I bought Tifosi Hilos. Check their website as they recommend different glasses for different size mellons.


----------



## hmto (Sep 26, 2007)

I have fairly wide temple area and recently bought Oakley Radars. They come in three lense sizing as well. They are also great at coverage around the eyes.


----------



## johnmyster (Mar 13, 2003)

I don't care how big your head is, Rudy Project Ekynox will make your noggin look tiny.


----------



## VaughnA (Jun 3, 2003)

I'm one of the bighead crowd. I like my Rudy Freeons, fit great and are very durable. And you can't beat the Rudy lens replacement warranty. Mine are 4 years old and still ticking along fine. I've replaced the lenses twice because of scratches or cracks, 15 bucks each time with the warranty.


----------



## murbike (Jan 22, 2004)

I have a gargantuan bean, and I've been wearing Tifosi Kilo for a while. Before that, it was Smith Iforgetthemodel, and before that, Smith Diablo.

I love the Tifosi - as good - if not better optics than the Smiths, lighter, and better looking (IMO) for half the price.


----------



## dadoflam (Jan 19, 2008)

And the winner is...

Thanks for all the suggestions - it was great as a newbie getting such an enthusiastic response - I'm loving this sport!
Anyway - took all suggestions seriously and tried all those available in Australia (which was quite a few)

My conclusions were pretty slim except that of all the brands tried Oakleys struggle to fit really big heads and don't really cater for them 

In the end there were three clear winners for those looking in the future:
1. Rudy Project Sport Mask Performance - the Performance model with 'sweat bar' is excellent - better than regular model 
2. Maui Jim MJ-510 - single lens with flexible arms
3. (this one is a little out there in terms of street cred) - new Prada SPS 07F - simply fantastic fit with big lenses that really keep the wind out of the eyes (In the end I didn't think I could weather the designer-label-glasses-for-cycling thing - although they do have good cred in sailing due to America's Cup)
None were cheap but experience has taught me to accept that there are downsides to having a big noggin and thisis one of them!
In the end I went with the Rudy's although discounts are hard to find as there is tight price control.

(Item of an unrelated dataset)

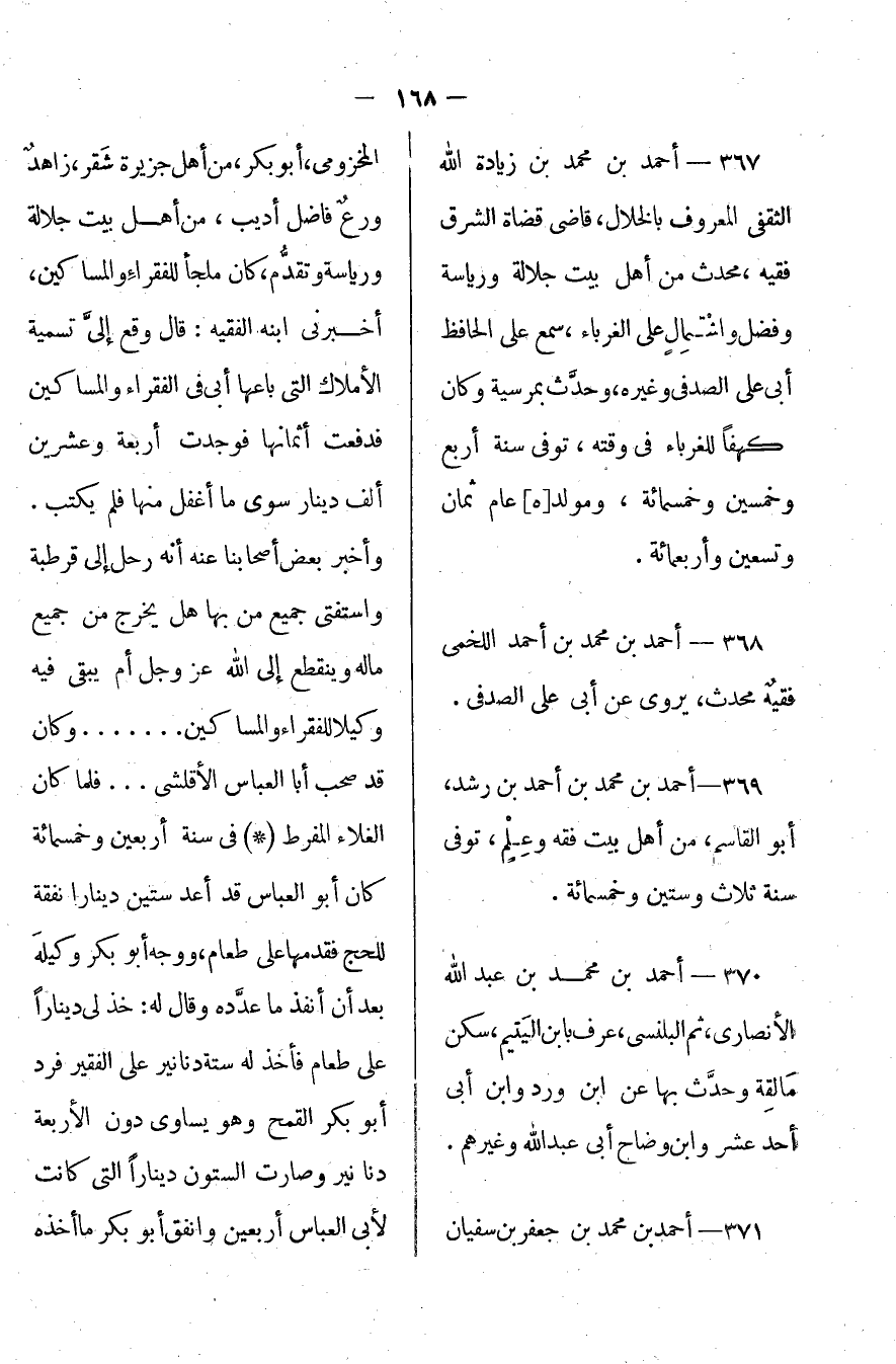 367- أحمد بن محمد بن زيادة الله الثقفي المعروف بالخلال: قاضي قضاة الشرق فقيه، محدث من أهل بيت جلالة ورياسة وفضل واشتمال على الغرباء، سمع علي الحافظ أبي علي الصدفي وغيره، وحدث بمرسية وكان كهفاً للغرباء في وقته، توفى سنة أربع وخمسين وخمسمائة، ومولده عام ثمان وتسعين وأربعمائة.

For those looking for a big 'lid' - I can thoroughly recommend the LIMAR 950 - the large is quite large.

Thanks again !


----------



## DY123 (Oct 5, 2006)

If money is not a big deal look at Adidas.

The Evil Eyes are fantastic for cycling. They do not get much coverage here in the USA, but they are the best glasses I have ever had.

What I like most about them is adjustability. Almost everything can be adjusted. Nose bridge, temple arms. They have quite a few lens options and also different options like an elastic strap if you want to use them for another sport like snowboarding. 

They are made in Austria, thus a pretty high price. I have bought two over the years while in Europe and I think they were about $150-$175 each.

Maybe Australia has a Adidas eyewear network? .......and yes they work well for large heads and faces.


----------



## murbike (Jan 22, 2004)

I have a big head, too, and love the Tifosi. I just lost my pair of Kilos and I'm about to go to the LBS and get another pair.

They are the best glasses I've had (for the money), and I've worn Oakley, Smith, Bolle, Native, and others.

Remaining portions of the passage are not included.